Leave out the pictures and repeat exactly the lines from the one containing "Na imagem o" through the final line of the listing below.

### DATA EXTRACT

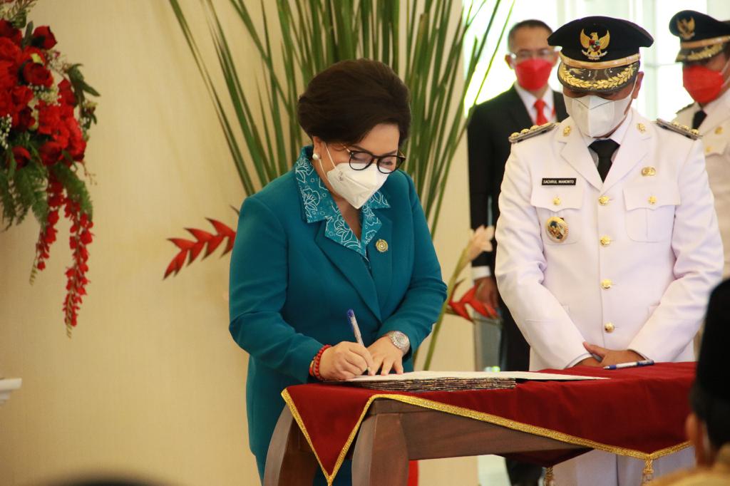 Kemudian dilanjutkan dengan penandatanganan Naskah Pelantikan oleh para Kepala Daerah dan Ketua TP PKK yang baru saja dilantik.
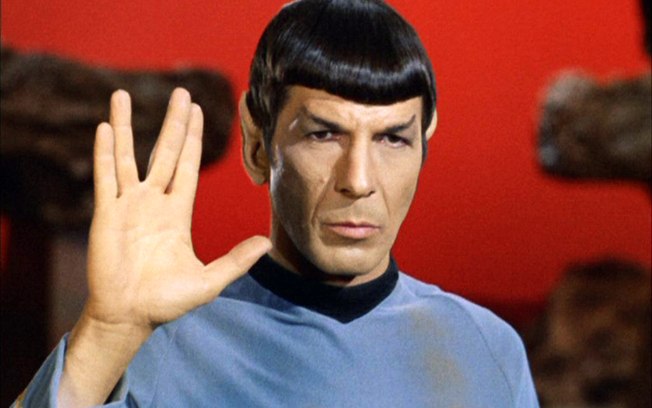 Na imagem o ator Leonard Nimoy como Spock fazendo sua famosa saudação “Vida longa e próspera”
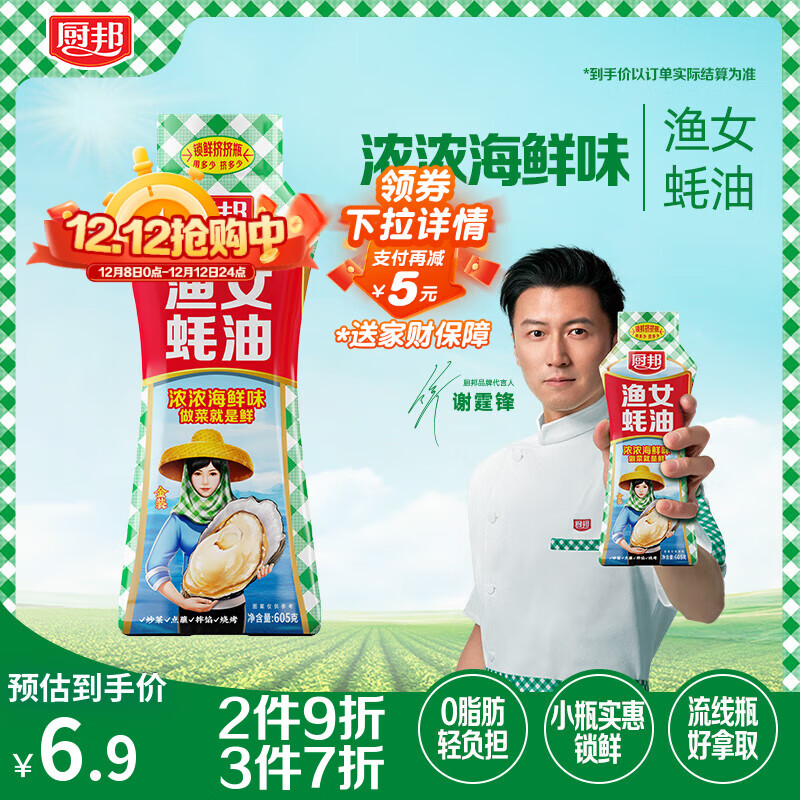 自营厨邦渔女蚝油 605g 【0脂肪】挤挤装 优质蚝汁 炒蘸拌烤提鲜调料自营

######

*ANSWER TO THIS TASK:*
 Na imagem o ator Leonard Nimoy como Spock fazendo sua famosa saudação “Vida longa e próspera”
 自营厨邦渔女蚝油 605g 【0脂肪】挤挤装 优质蚝汁 炒蘸拌烤提鲜调料自营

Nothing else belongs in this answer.